Make sure you understand the idea of a "best valid partner." It definitely does not mean "the first choice." Given a set of n men and n women, and all their preference lists, there are many different ways to make a perfect matching. We know that at least one of those prefect matchings is stable (the output of the Gale-Shapley algorithm). There could be more than one stable matching for those men and women and their preferences. How many stable matchings there are depends on exactly what the preferences are. It's possible that a given pair (m,w) are not matched in any of the stable matchings that may exist for the 2n people and their preferences. In that case, we say that m and w are not valid partners. For every man m, there is at least one valid partner (the one he gets from the Gale-Shapley algorithm). Maybe there are more valid partners of m that he gets in other stable matchings. The best valid partner of m is whichever of his valid partners who is highest on his list. That best valid partner could be the actual first woman on m's list, but she could be a woman further down the list, because the first woman on the list may not be a valid partner for m. (Maybe there's no stable matching in which m is matched up with the first woman on his list.) It's even possible that m's best valid partner is the last woman on his list! Depending on what exactly the preferences are, it could work out that way!
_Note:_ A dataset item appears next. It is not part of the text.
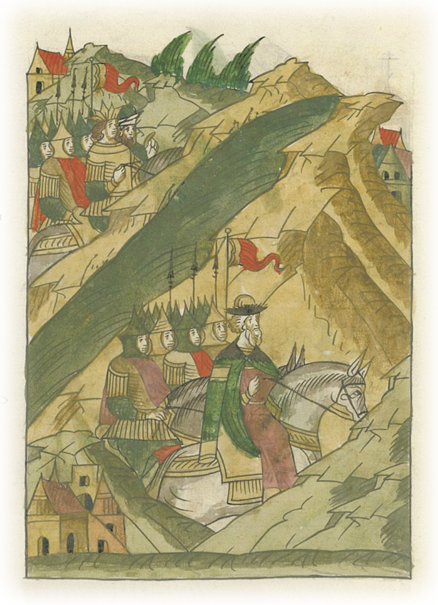 а оттуда шел между Яжелобицкой дорогой и Мстой. А царевичу Даньяру велел идти от Торжка по другому берегу Мсты, а с ним – воевода великого князя Василий Образец Борисович.

Anyway, it seems pretty amazing that the Gale-Shapley algorithm simultaneously gives all the men the "best" match they could hope to receive in any stable matching. Also this fact shows that the algorithm always gives the same matching as its output, no matter what particular men are chosen during the execution to make the next proposal! No matter what, the algorithm will match each guy to his one and only best valid partner!

The central idea of the proof is to demonstrate that when the algorithm runs no man is rejected by a valid partner.
The text also proves that

20. The G-S algorithm pairs each woman with her worst valid partner.
I made proofs of 19 and 20 that are somewhat different from the proofs in our text. Those proofs are included in one of the other documents in my set of notes for this chapter. At the time I'm writing this, the title of that document is "BVP_pf.html."